Germany in recession in 2023, lagging behind major industrial countries

Germany’s economy tipped into the red last year as energy costs, high interest rates and slowing foreign demand weakened its industrial strength and exports.

The gross domestic product (GDP) of Europe’s largest economy fell by 0.3% in 2023, after an increase of 1.8% in 2022, according to data corrected for price variables unveiled Monday by the National Statistics Office Destatis.

In data adjusted for calendar and price variables, annual GDP falls by 0.1%.

These results are certainly a little better than the forecasts of the government and the IMF, which respectively predicted a contraction of the German economy of 0.4% and 0.5% for 2023.

But the country is doing significantly worse than the EU average, which is expected to reach growth of 0.6% in 2023, according to the latest forecasts from the European Commission, with marked increases for France, Spain and Spain. ‘Italy.

The world’s third largest economy is also lagging behind other major industrial countries, such as the United States or the United Kingdom.

The end of the year was even worse than previous quarters with GDP estimated to decline by 0.3% between September and December, according to a preliminary estimate from Destatis.

“Turbulent” year

Expected, this recession nonetheless remains bad news for the government of Olaf Scholz, already struggling with record unpopularity and a multiplication of social demands.

“The year 2023 has been turbulent, with the economy in permanent crisis mode,” comments Carsten Brzeski, analyst for ING bank.

The German economy is weighed down by the crisis in its powerful industrial sector, which represents around 20% of the wealth produced in the country.

Production remains more than 9% below its pre-COVID-19 pandemic level.

The sector has been slowed by sluggish domestic demand, due to inflation – which reached 5.9% in 2023 – and interest rate hikes from the European Central Bank (ECB).

According to Destatis, private consumption fell by 0.8% over one year. Construction particularly suffered, with a 2.1% decline in investments.

The industry was also penalized by less dynamic exports, against a backdrop of geopolitical tensions and weaker demands for “made in Germany” in China and the United States.

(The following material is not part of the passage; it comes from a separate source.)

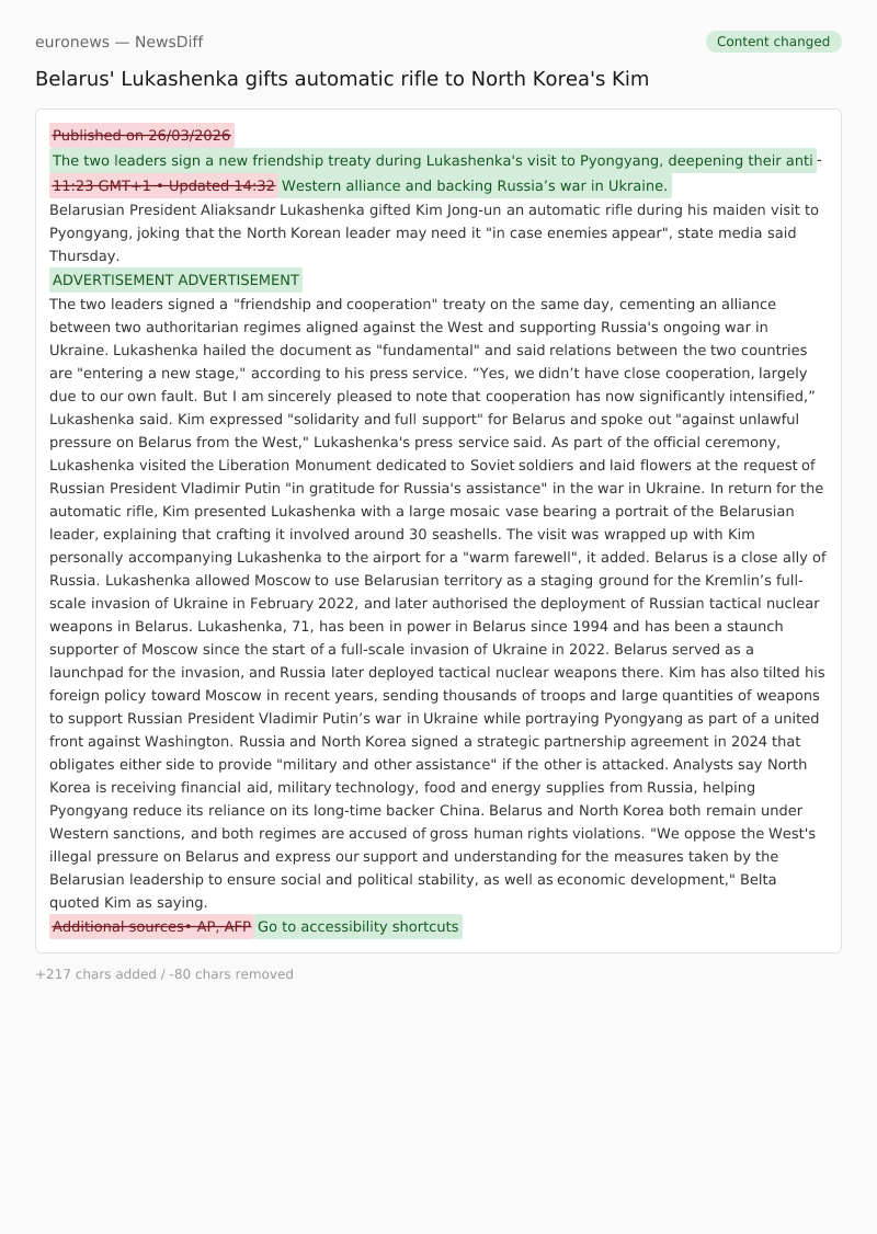 Published on 26/03/2026 The two leaders sign a new friendship treaty during Lukashenka's visit to Pyongyang, deepening their anti- 11:23 GMT+1 • Updated

Above all, energy prices remain high for German industry compared to its international competitors. Chemistry, particularly affected, produced 8% less in 2023 over one year, which translated into a 12% drop in revenues, according to industry data.

Reprise ?

Still, the German economy should begin to recover this year, according to forecasts.

The government expects growth of 1.3% in 2024, the International Monetary Fund (IMF) expects growth of 0.9%.

“With the decline in inflation, the rise in real wages and a gradual recovery in the global economy, the factors weighing on the economy should ease and a recovery should begin,” the Ministry of Finance said on Monday. the Economy.

Exports have already seen an improvement at the end of the year, with an increase of 3.7% in November, after four months of decline.

But some experts doubt a rapid rebound, while interest rates are not expected to fall significantly this year, nor are energy prices.

“For 2024, there will be no improvement. Germany has fallen into stagnation,” according to Jens Oliver Niklasch, analyst for LBBW bank.

“It is possible that we will remain in recession this year. The challenges are immense,” commented the Chamber of Industry and Commerce (DIHK) on Monday.

The country also faces structural challenges, such as a lack of labor, an aging population and a lack of investment that could continue to hamper growth.

Especially since a resounding ruling from the Constitutional Court in November canceled 60 billion euros of investment credits in the name of constitutional budgetary rules.

This decision forced the government of Olaf Scholz to cut back on certain expenses. According to the economic institute IFO, these budget cuts should cost Germany 0.2 points of growth in the coming months.